The effect of the pandemic on the commercial real estate sector and the resulting upheavals have contributed to a seismic shift in how buildings will be used, valued, bought and sold in 2023. And the relative uncertainty surrounding the possibility of a global recession could further impact an already volatile industry.

Two new reports, one from consulting firm Deloitte and the other from the annual Allen Matkins View From the Top, outline an uncertain future for commercial real estate (CRE) owners and investors as they approach of 2023.

Deloitte interviewed 450 CFOs from leading commercial real estate owners and investors around the world to gather their views on commercial real estate organizational growth and their plans for workforce, regulatory compliance and of technology, as well as investment priorities and changes planned for 2023.

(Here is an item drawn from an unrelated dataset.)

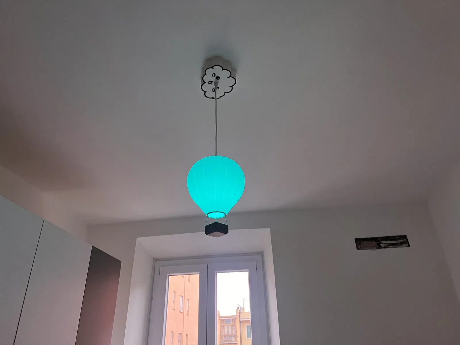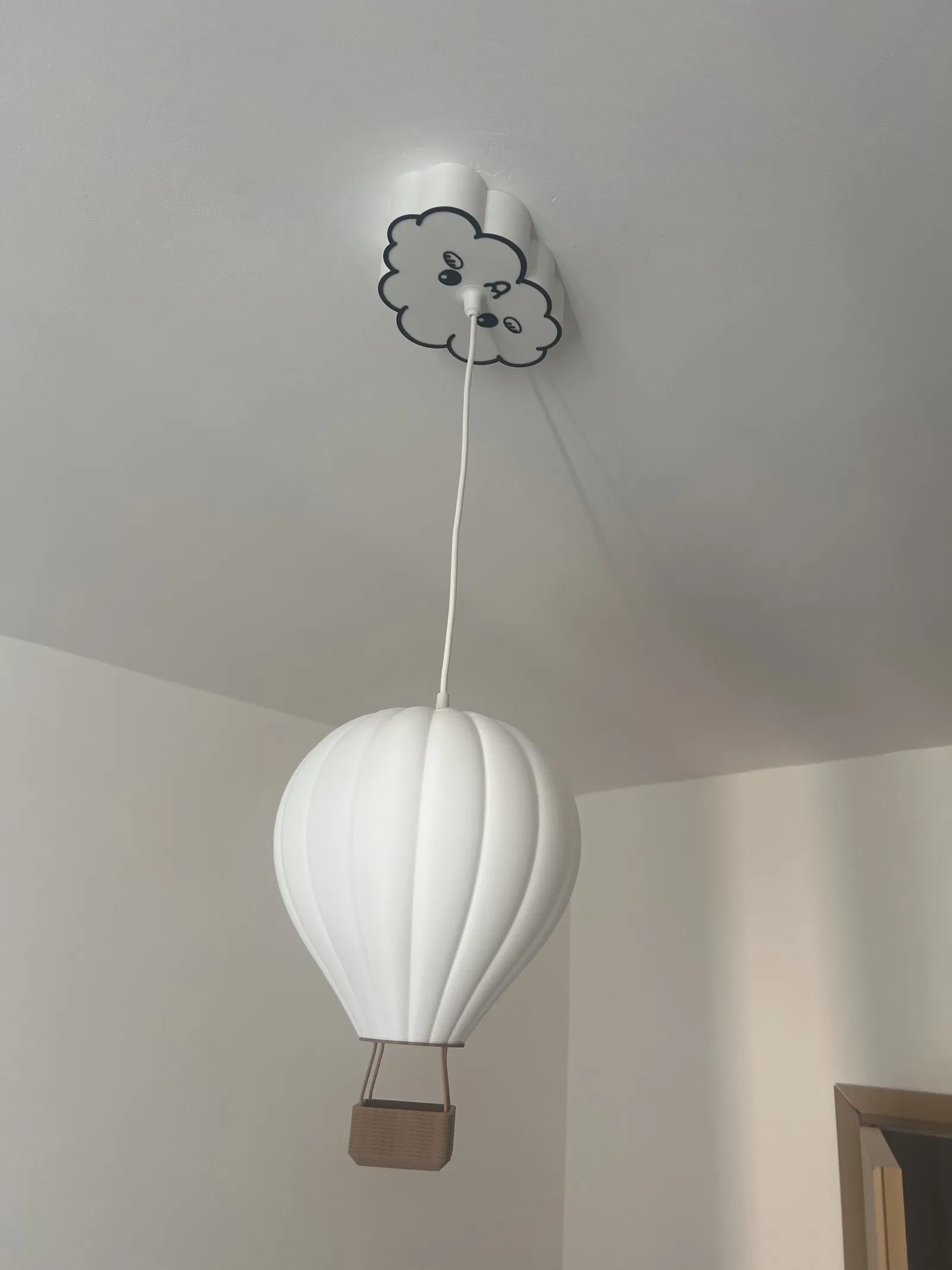 Mẫu đèn trần hình khinh khí cầu “mềm” thiết kế từ đầu, tối ưu cho bàn in tối thiểu 250×250 mm. Lắp multipart, chỉ cần keo ở giỏ, dây và vòng nối. Hỗ trợ bóng e27 bề ngang tối đa 70mm.

For the 15th year, Allen Matkins View From the Top has brought together the West Region’s top commercial real estate surveyors, owners, investors, developers and brokers. The goal is to remain an essential source of commercial real estate market trends and forecasts.

A Deloitte study reveals moderate optimism from CRE

Deloitte’s research found a less than optimistic response to questions about revenue expectations for 2023. Results were mixed at best among respondents, with 40% saying revenue is expected to increase and slightly less of half predicting that income will decline. A total of 12% expected no change from 2022. Last year, the survey found that 80% expected an increase in revenue.

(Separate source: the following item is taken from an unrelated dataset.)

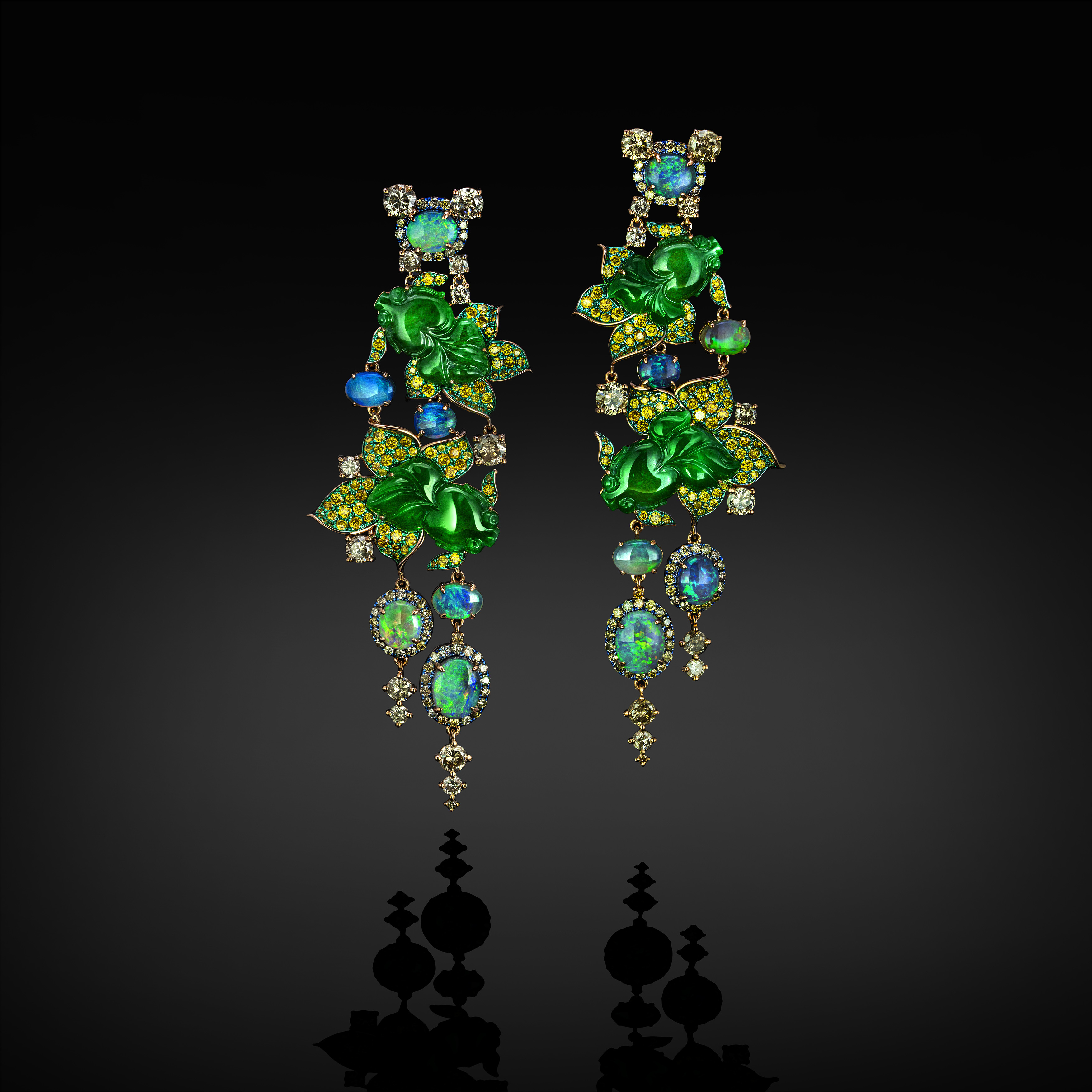 18K Rose Gold, Yellow Diamond, Color Diamond, Opal, Green Jade

Respondents to the consultancy’s survey indicated that sustained high inflation, workforce management, cyber risk and climate regulatory measures were the issues that will have the most impact. impact on revenues over the next 12 to 18 months. As a result, most do not believe the CRE industry is fully prepared to respond to certain uncertainties.

Speaking at View From the Top, Michael Van Konynenburg, Chairman of Eastdil Secured, said that although capital markets “have been choppy, the positives outweigh the negatives in the current environment. With rising replacement costs, rising rents, a robust labor market, strong balance sheets, limited over-indebtedness and high liquidity ($4.1 trillion on deposit at the Fed), commercial real estate is well positioned for strong momentum in the second half (2023). »

He also reminded those present that CRE behaves well in an environment of rising interest rates.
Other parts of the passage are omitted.